March 21, 2024 - Music

Two songs on Adrianne Lenker’s Bright Future begin with the woosh of a tape machine settling into its correct speed. The players sometimes murmur among themselves as a song gets going or winds down; Lenker’s voice occasionally grows distant, as though she were turning away from the mic, then rises in volume as she leans forward again. At first blush, these audible moments of calibration signal a certain old-school authenticity. The Big Thief singer-songwriter cut her new album straight to tape, just like the last one, and it has the air of an unadulterated document of the music as it was performed in the studio.

Beneath the surface, these effects suggest a more complex relationship between the recording and the music, drawing attention to the artifice and happenstance of what we’re hearing. By demonstrating so explicitly that this is how the music sounded in this room, on this day, they’re also implying that it might have sounded quite different in another place, another time. The musicians play wispy outlines of folk rock, giving just as much attention to the negative spaces as the notes you actually hear. The aesthetic suits the material. Lenker’s songs find beauty in the attempt to give memory solid shape: to hold it in one’s palms like a wounded bird that sat still when the others flew away, and coax it with a sweet melody into sticking around a while longer. Bright Future is like an attempt to hold the memories of the songs themselves, to stop their wild wings from beating for a moment and get a good look before they vanish in the air.
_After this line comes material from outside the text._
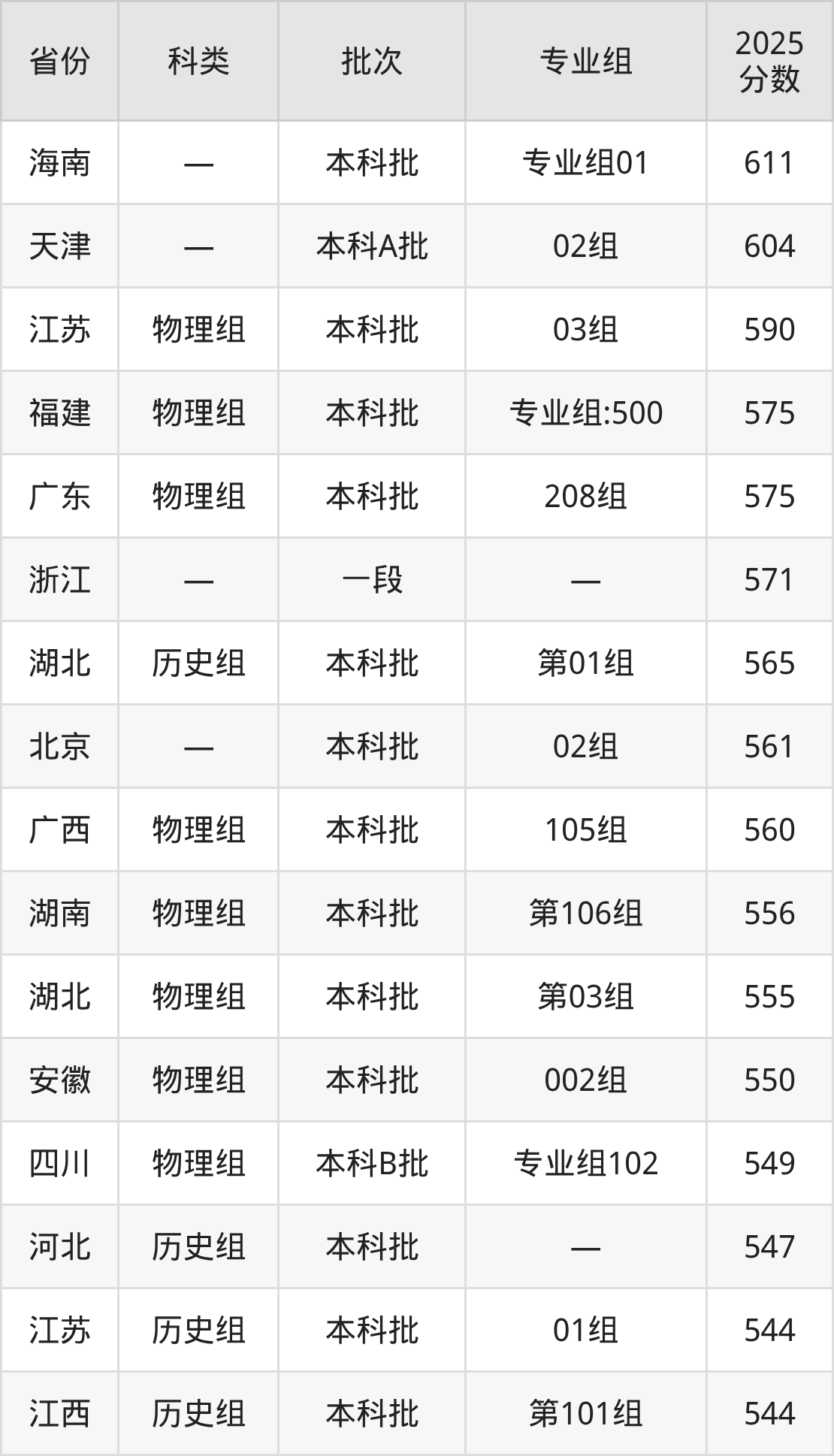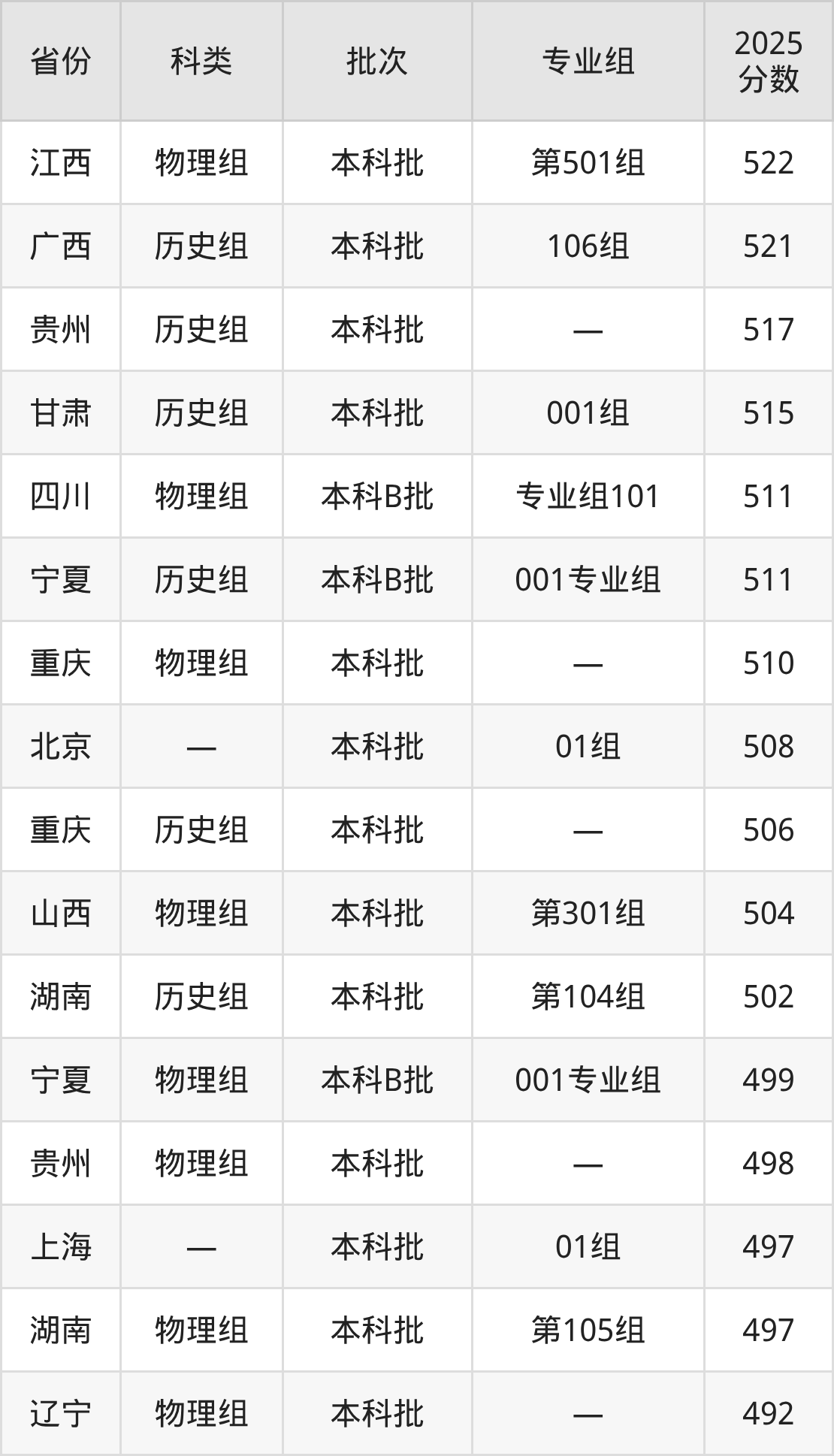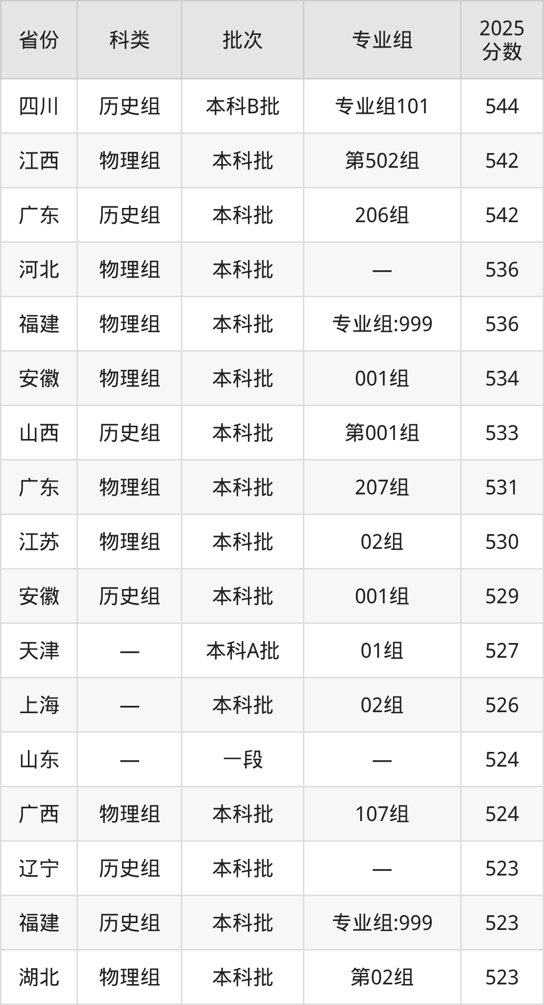 下面是四川美术学院2025年在全国各省的录取分数线一览表,供参考:

For all the shaggy-dog presentation of her main band, Lenker often approaches her songs with disciplined attention to form and economy, but opener “Real House” is something different. Its chords float along without clear paths of tension and release; its lyrics are associative rather than linear. In the second verse, a surreal image stands in for feelings not yet addressed directly: “Stars shine like tears on the night’s face.” Eventually, the song reveals its subject as Lenker’s mother, and the fog of ambiguity around the preceding lyrics begins to clear. By the final lines, a devastating recounting of the first time Lenker saw her cry, we’ve moved wholly out of the spectral realm and into everyday heartbreak.

Lenker recorded Bright Future with accompaniment from Philip Weinrobe, her engineer and co-producer, as well as singer-songwriter and frequent Big Thief collaborator Mat Davidson, violinist and percussionist Josefin Runsteen, and alt-R&B auteur Nick Hakim. They did a lot of passing around instruments: The album’s basic palette is voice, guitar, piano, and violin, each of which is credited to at least two different performers at various points. (Runsteen and Lenker’s brother Noah also play occasional percussion.) The free-flowing and intuitive nature of the sessions is apparent in the recordings, which have the amiable looseness of first takes. You get the sense, sometimes, that they are figuring out a song’s ideal arrangement as they track it.